Memories and life lessons inspired by the author’s mother, who was murdered in 2021.
“Neither my mother nor I knew that her last text to me would be the words ‘Think you’ll be happy,’ ” Avant writes, "but it is fitting that she left me with a mantra for resiliency.” The author, a filmmaker and former U.S. Ambassador to the Bahamas, begins her first book on the night she learned her mother, Jacqueline Avant, had been fatally shot during a home invasion. “One of my first thoughts,” she writes, “was, ‘Oh God, please don’t let me hate this man.
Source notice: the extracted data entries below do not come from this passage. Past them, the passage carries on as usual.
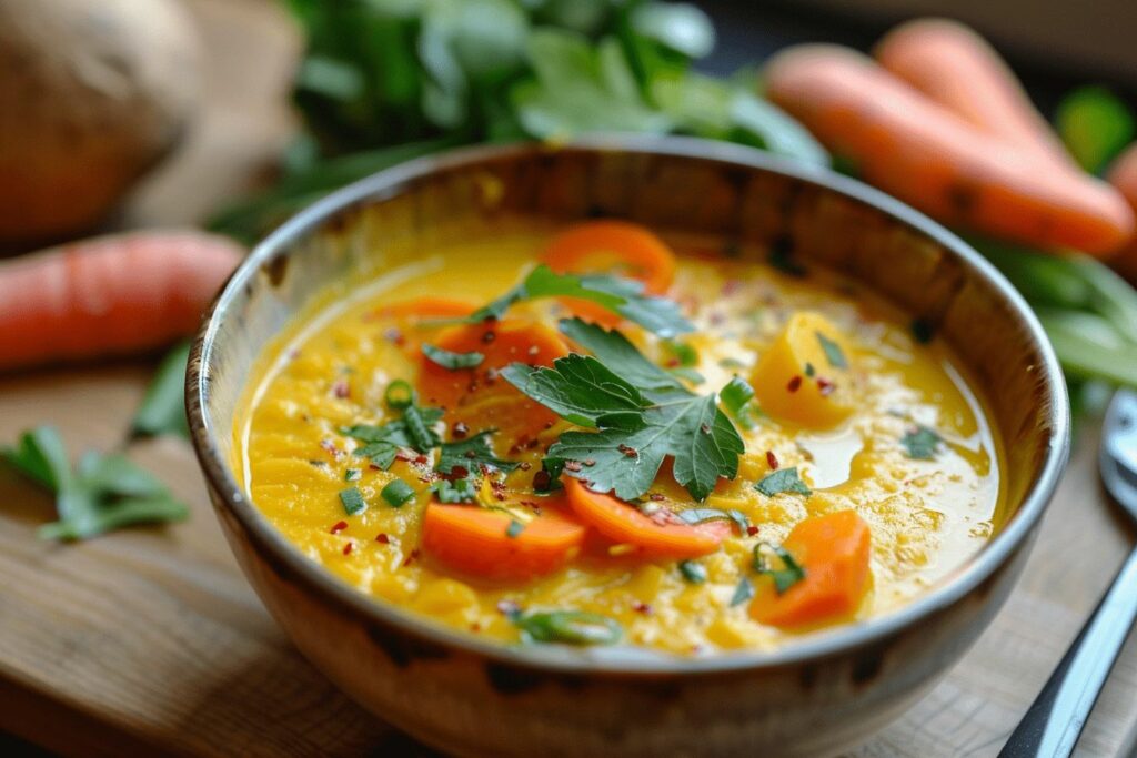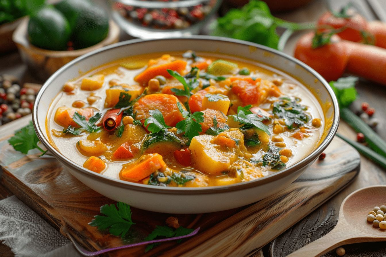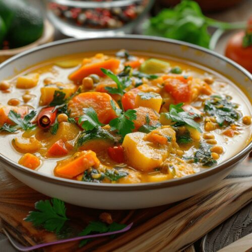 Cette recette de curry de légumes est réconfortante et savoureuse, idéale pour un repas nutritif et équilibré. Préparée avec des légumes variés, du lait de coco crémeux et un mélange d’épices parfumées, elle offre une explosion de saveurs à chaque bouchée.
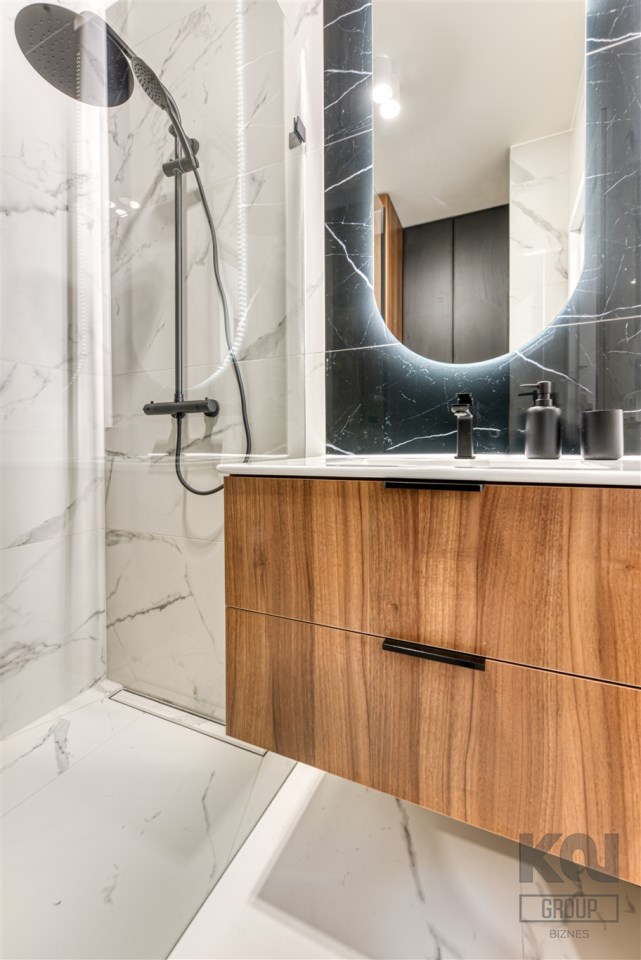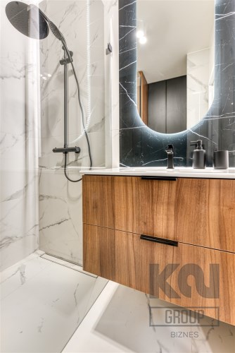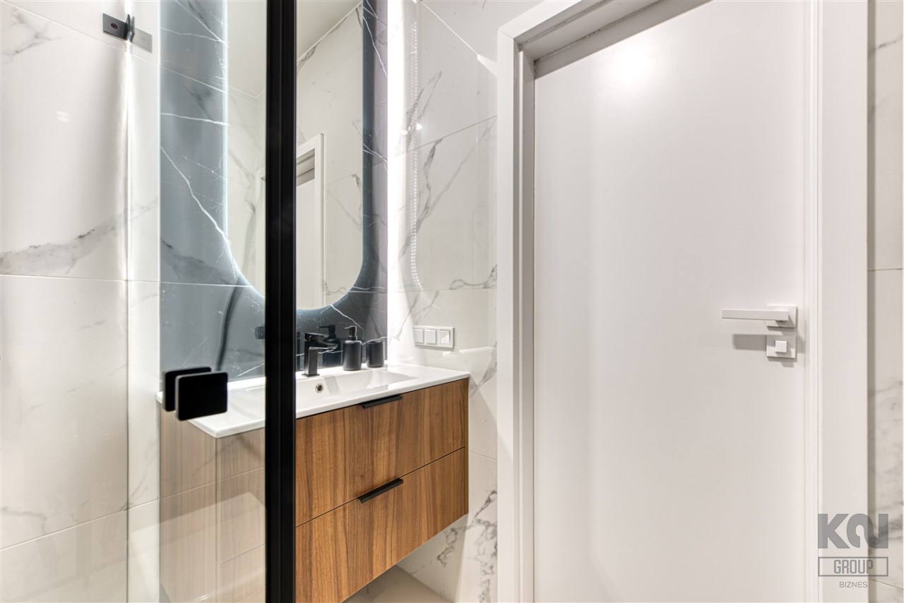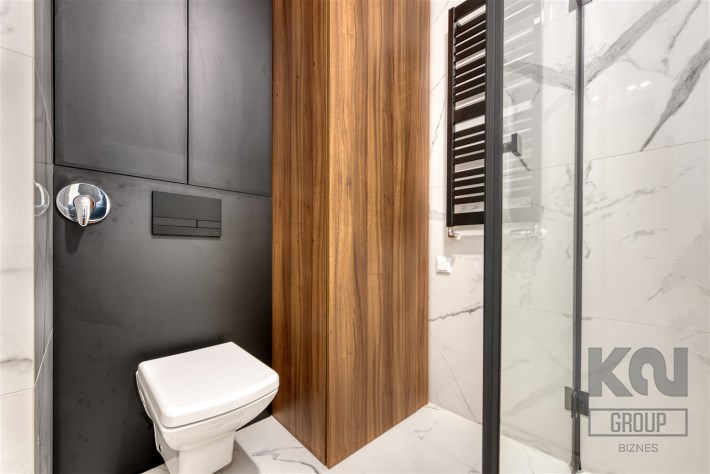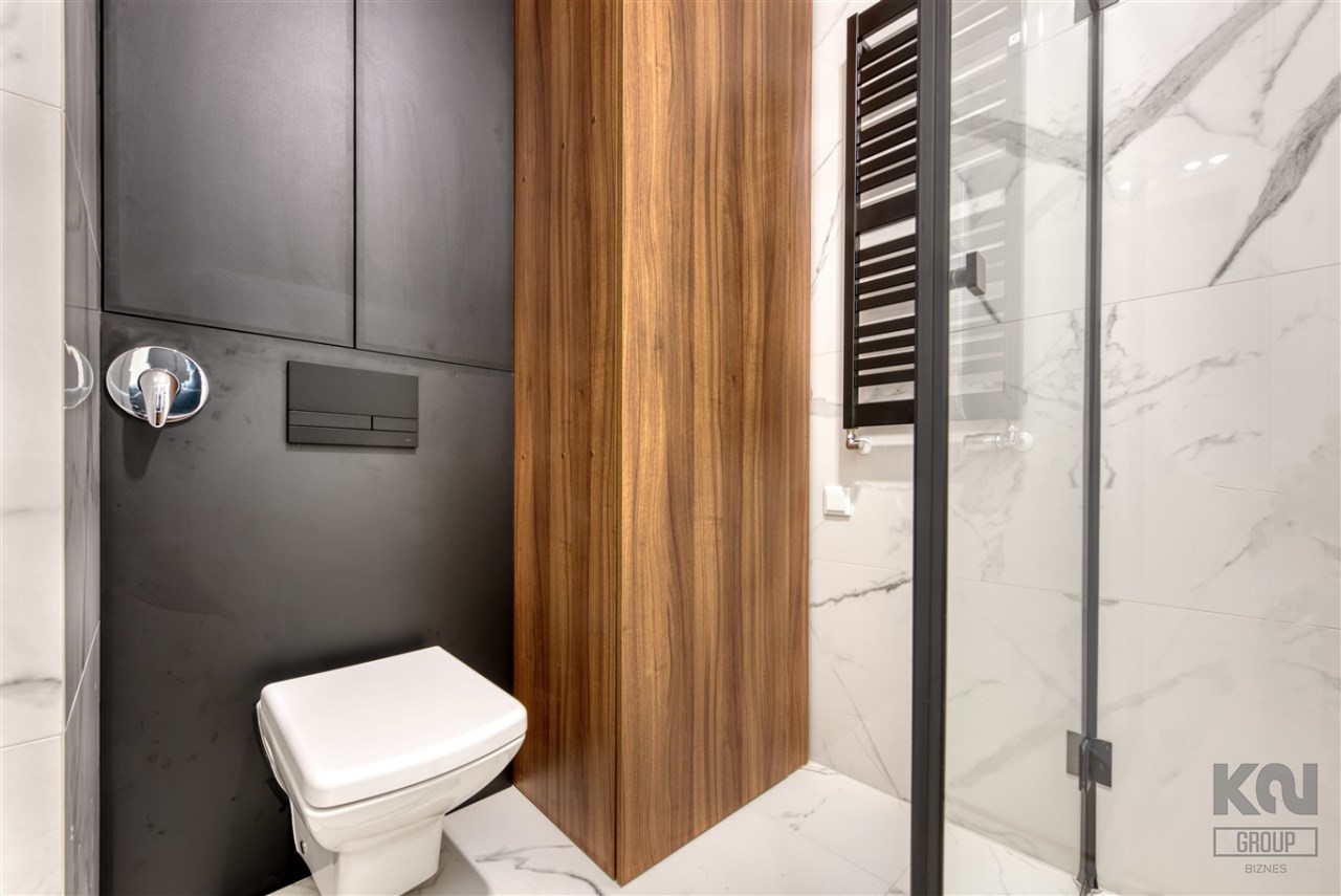 - łazienkę z WC (z funkcją bidetu) wyposażoną w kabinę prysznicową oraz
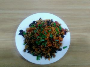 之后放入木耳和胡萝卜丝,翻炒几下后装盘,撒上葱花就可以出锅啦!
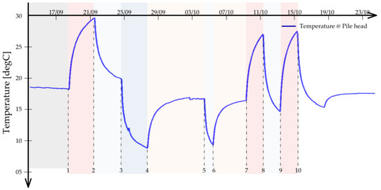Optical Fiber Sensors (OFS) were installed in the test energy pile and in the borehole in order to collect temperature and strain data. The details of how this instrumentation was embedded within the test pile and borehole can be found in [17]. Optical fibers enabled continuous distributed strain and temperature profiles to be measured, instead of the point measurements taken by more well-known equipment such as strain gauges. This technology is, therefore, ideal for monitoring the performance of piles. Thermistors (in the vibrating wire strain gauges) were also installed in the test energy pile to compare to the data measured by the OFS. VWSG thermistors that were located at the depth shown in Table 1, which shows how the temperature of the test pile changed over time at 9 m below ground level (bgl), and highlights the main activities carried out during the trial. The strain and mechanical results were analyzed by [17].

Give me the strength not to hate him.’ ” Daughter of Clarence Avant, known as the “Black Godfather” due to his work as a pioneering music executive, the author describes growing up “in a house that had a revolving door of famous people,” from Ella Fitzgerald to Muhammad Ali. “I don’t take for granted anything I have achieved in my life as a Black American woman,” writes Avant. “And I recognize my unique upbringing…..I was taught to honor our past and pay forward our fruits.” The book, which is occasionally repetitive, includes tributes to her mother from figures like Oprah Winfrey and Bill Clinton, but the narrative core is the author’s direct, faith-based, unwaveringly positive messages to readers—e.g., “I don’t want to carry the sadness and anger I have toward the man who did this to my mother…so I’m worshiping God amid the worst storm imaginable”; "Success and feeling good are contagious. I’m all about positive contagious vibrations!” Avant frequently quotes Bible verses, and the bulk of the text reflects the spirit of her daily prayer “that everything is in divine order.” Imploring readers to practice proactive behavior, she writes, “We have to always find the blessing, to be the blessing.”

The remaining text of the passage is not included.